TRL documentation
RapidFire AI Integration
RapidFire AI Integration
RapidFire AI is an open-source experiment execution framework that enables concurrent training of multiple TRL configurations on the same GPU(s) through intelligent chunk-based scheduling.
Key Features
- 16-24× higher experimentation throughput compared to sequential training.
- Almost no code changes - drop-in configuration wrappers around TRL’s and PEFT’s existing configs.
- Interactive Control Operations - real-time control to stop, resume, clone, and modify training runs in flight
- Automatic multi-GPU orchestration with intelligent scheduling
- Full compatibility with transformers, PEFT, SFTTrainer, DPOTrainer, and GRPOTrainer
- Full MLflow Integration: Automatic experiment tracking and visualization
- Production-Ready: Already used in production environments with complete working examples.
Problem It Solves
When fine-tuning or post-training with TRL, AI developers often need to:
- Try different hyperparameter configurations
- Compare different LoRA settings
- Test different prompt schemes
- Run ablation studies
Current approach: Train each config one after another → slow and inefficient process
With RapidFire AI: Train all configs in one go even on a single GPU → 16-24× faster process
How It Works
RapidFire AI employs adaptive chunk-based scheduling:
GPU Timeline (Single GPU):
Chunk 1: [Config A] → [Config B] → [Config C] → [Config D]
Chunk 2: [Config A] → [Config B] → [Config C] → [Config D]
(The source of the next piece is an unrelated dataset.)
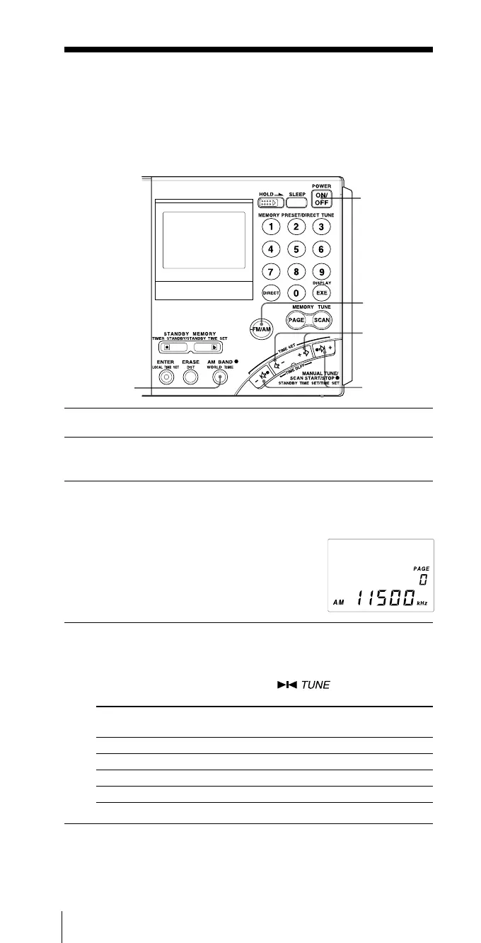 3 For AM bands, hold down AM BAND and press

Chunk 3: [Config A] → [Config B] → [Config C] → [Config D]This enables:
- Early comparison of configurations on same data subsets incrementally
- Efficient GPU utilization and minimizing idle times
- Real-time and automated experiment metrics tracking
- Dynamic control over runs in flight to incentivize more experimentation
Installation
Prerequisites
- Python 3.12.x
- NVIDIA GPU with Compute Capability 7.x or 8.x
- CUDA Toolkit 11.8+
- PyTorch 2.7.1+
pip install
pip install rapidfireai
Once installed, authenticate with Hugging Face and initialize RapidFire AI:
# Authenticate with Hugging Face
huggingface-cli login --token YOUR_TOKEN
# Workaround for current issue: https://github.com/huggingface/xet-core/issues/527
pip uninstall -y hf-xet
# Initialize RapidFire AI
rapidfireai init
# Start the RapidFire AI server
rapidfireai startThe dashboard will be available at http://0.0.0.0:3000 where you can monitor and control experiments in real-time.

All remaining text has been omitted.